_Problem requirements_
Please return exactly the lines from the top of the data through the line that contains "該種方案情況下,省內(nèi", and skip all pictures.

_Supplied records_
================================
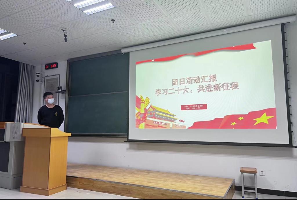 11月14日至26日,各团支部围绕“学习二十大·永远跟党走·奋进新征程”的主题开展系列活动。通过集中宣讲和自主研讨相结合的形式,同学们认真学习党的二十大精神,对党的十九大以来的五年工作和新时代十年的伟大变革有了系统了解,逐步提高对报告中新理念、新思想、新提法的认识。团日活动前,各支部召开支部大会充分征求意见、设计活动方案、安排活动分工、讨论应急预案。会后,同学们通过校内媒体等各个宣传平台介绍本支部活动计划。活动当天,大家积极参与到活动中,通过党史竞猜、红歌传唱、笔书青春、双语寄语新时代等环节,国工学子祝愿中国特色社会主义伟大事业取得更加辉煌的成就,深情祝福伟大祖国繁荣昌盛。汇报伊始,全体起立,奏唱《中国共产主义青年团团歌》。答辩现场,各团支书逐一介绍本支部活动开展实况,条理清晰、突出亮点、彰显风采。
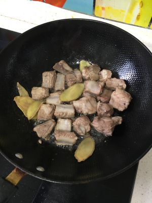 锅烧热,多油,姜煸香,倒入排骨翻炒至金黄色。
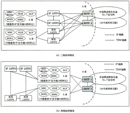 該種方案情況下,省內(nèi)支持IP信令的網(wǎng)元直接與IP LSTP相連(兩級(jí)組網(wǎng)情況下還需要通過TDM方式與現(xiàn)有HSTP相連),不支持IP信令的網(wǎng)元仍保持原有連接方式與現(xiàn)有LSTP相連(兩級(jí)組網(wǎng)情況下還要與HSTP)。省際信令消息仍由現(xiàn)有長途No.7信令網(wǎng)疏通,省內(nèi)信令由LSTP疏通。
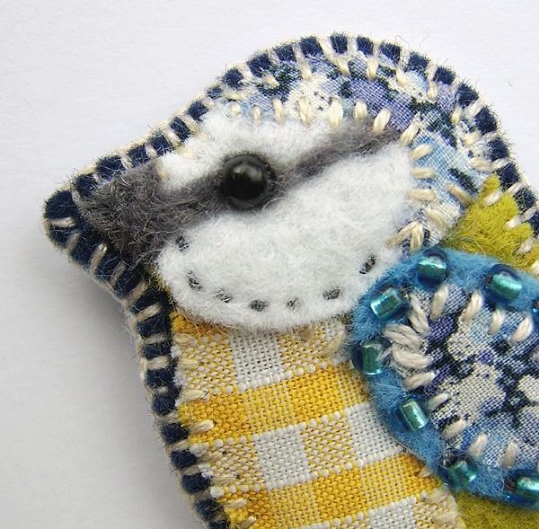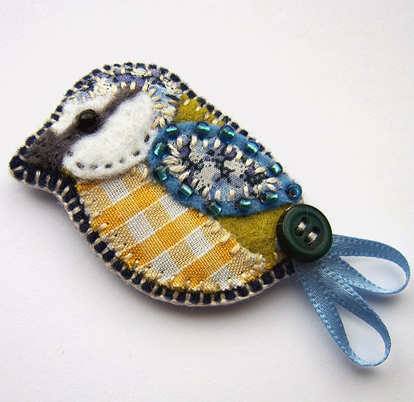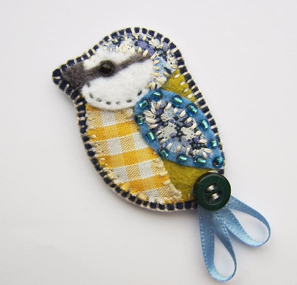keywords: bird brooch, blue tit brooch, pin, badge, felt bird, applique bird, handmade bird, applique blue tit, textile bird, Mothers Day, mothers day gift
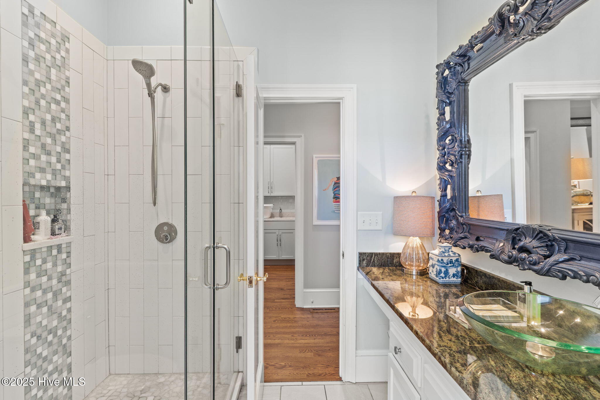 Step outside to your private backyard oasis, where a sprawling patio, outdoor wood-burning fireplace, and peaceful ponds create the perfect setting for relaxing or entertaining. Surrounded by manicured landscaping and nature, this home offers a rare retreat-like feel just minutes from Wrightsville Beach, shopping, and dining.
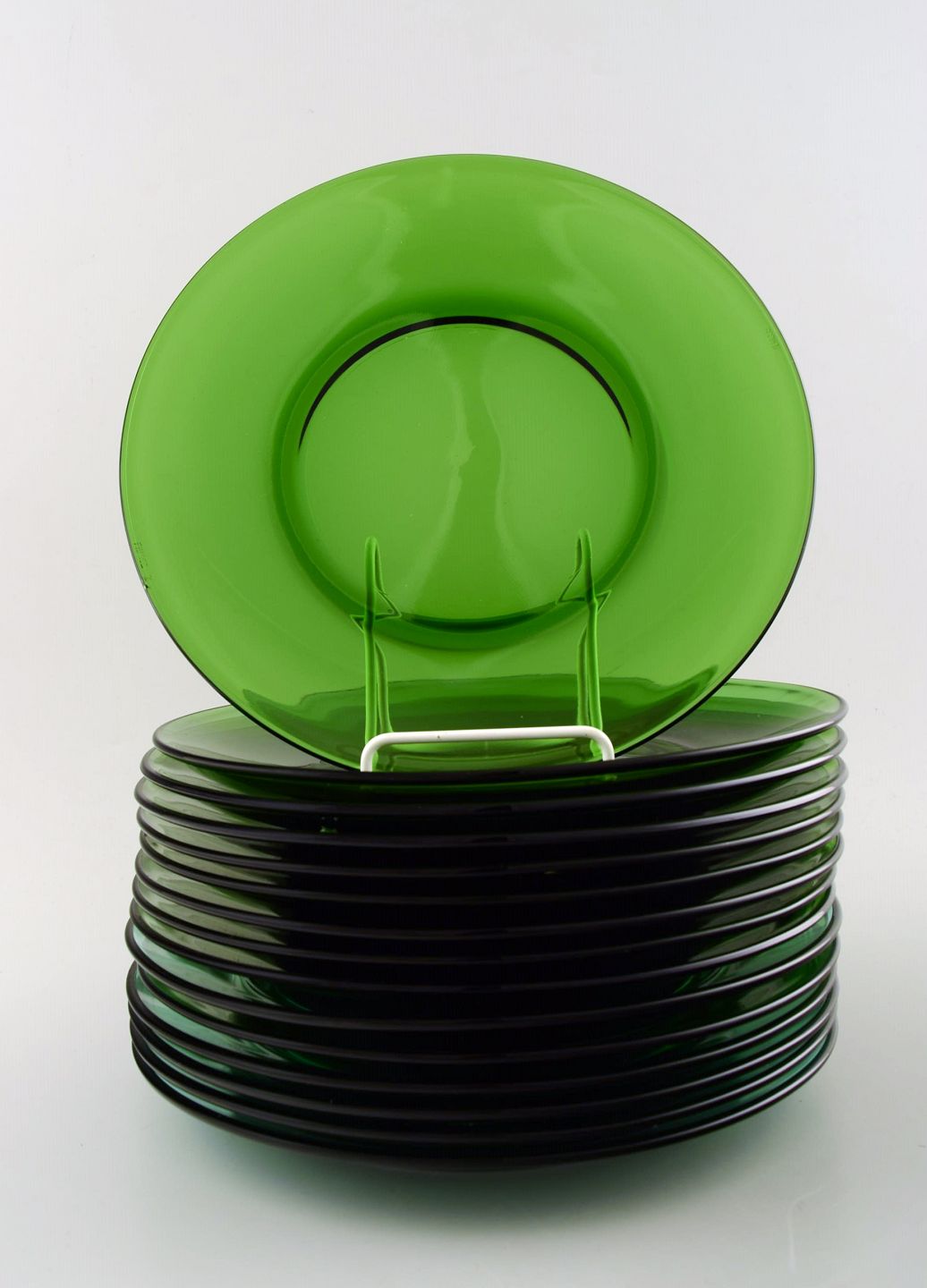Vereco, Frankrig, 15 tallerkener i grønt kunstglas. Ca. 1960´erne. Måler: : 22.5 cm. Stemplet. I perfekt stand.
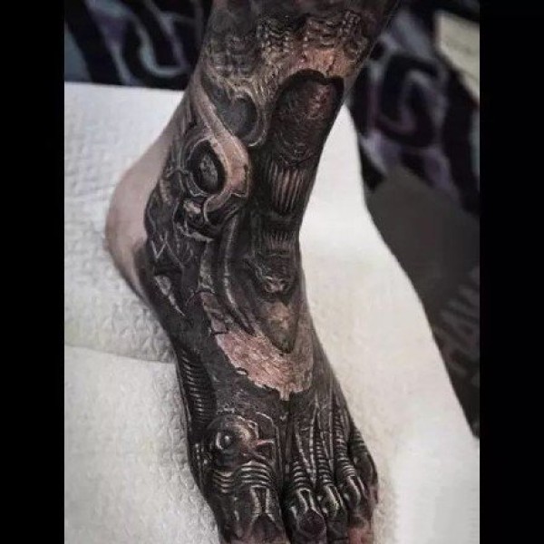 让人感觉无比有力的男性生物机械花臂纹身图案
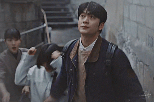 Lee Jun Ho protects Woo Young Woo and another person in a tense alleyway scene from Extraordinary Attorney Woo.
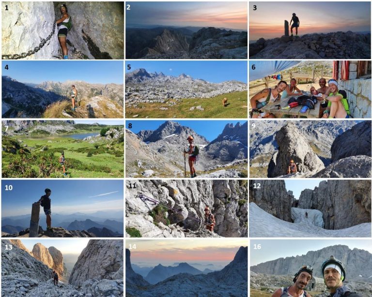 1 Corona El Rasu. 2 y 3. Amanecer en Torrecerredo. 4. Preparándonos para descender por Piedra Bellida. Peña Santa al fondo. 5 y 6. En Vega de Ario. 7. Bajando a los Lagos de Covadonga. 8. Llegando al Jou Santu, ya con material de escalada y ante Peña Santa. 9. Rampas finales de Peña Santa antes de la Llambrialina. 10. Cima de Peña Santa. 11. Rapelando en la Canal Estrecha. 12. La Forcadona. 13 y 14. Atardecer al salir de la Forcadona, sector leonés del Anillo por delante. 15. Preparados para la primera noche en Vega Huerta, ante la Sur de Peña Santa.
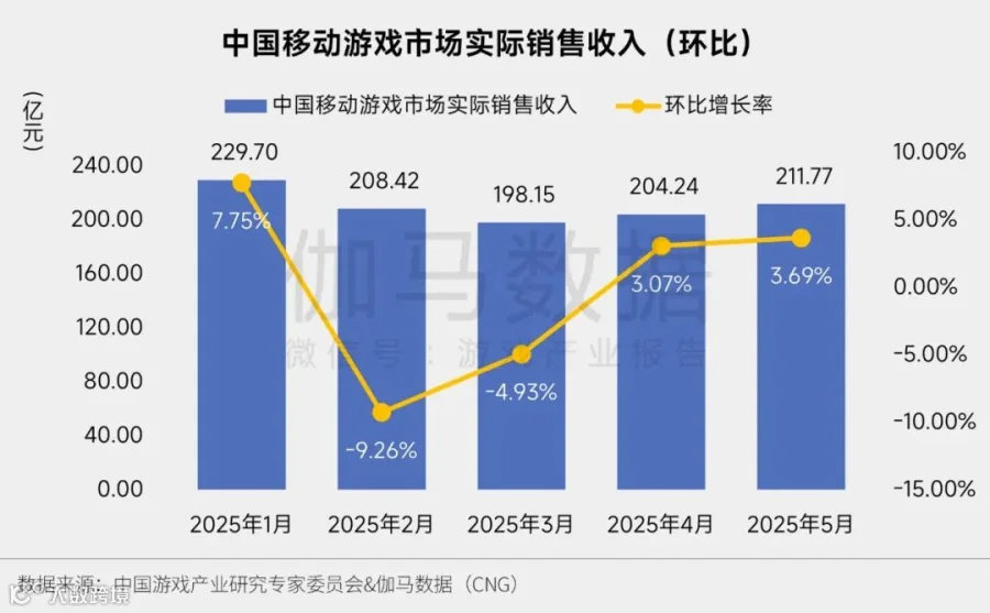 2025年5月,中国移动游戏市场规模为211.77亿元,同比增长11.96%,环比增长3.69% 。本月新品及成熟期产品中均有部分产品表现较佳。
================================
_Exercise output_
 11月14日至26日,各团支部围绕“学习二十大·永远跟党走·奋进新征程”的主题开展系列活动。通过集中宣讲和自主研讨相结合的形式,同学们认真学习党的二十大精神,对党的十九大以来的五年工作和新时代十年的伟大变革有了系统了解,逐步提高对报告中新理念、新思想、新提法的认识。团日活动前,各支部召开支部大会充分征求意见、设计活动方案、安排活动分工、讨论应急预案。会后,同学们通过校内媒体等各个宣传平台介绍本支部活动计划。活动当天,大家积极参与到活动中,通过党史竞猜、红歌传唱、笔书青春、双语寄语新时代等环节,国工学子祝愿中国特色社会主义伟大事业取得更加辉煌的成就,深情祝福伟大祖国繁荣昌盛。汇报伊始,全体起立,奏唱《中国共产主义青年团团歌》。答辩现场,各团支书逐一介绍本支部活动开展实况,条理清晰、突出亮点、彰显风采。
 锅烧热,多油,姜煸香,倒入排骨翻炒至金黄色。
 該種方案情況下,省內(nèi)支持IP信令的網(wǎng)元直接與IP LSTP相連(兩級(jí)組網(wǎng)情況下還需要通過TDM方式與現(xiàn)有HSTP相連),不支持IP信令的網(wǎng)元仍保持原有連接方式與現(xiàn)有LSTP相連(兩級(jí)組網(wǎng)情況下還要與HSTP)。省際信令消息仍由現(xiàn)有長途No.7信令網(wǎng)疏通,省內(nèi)信令由LSTP疏通。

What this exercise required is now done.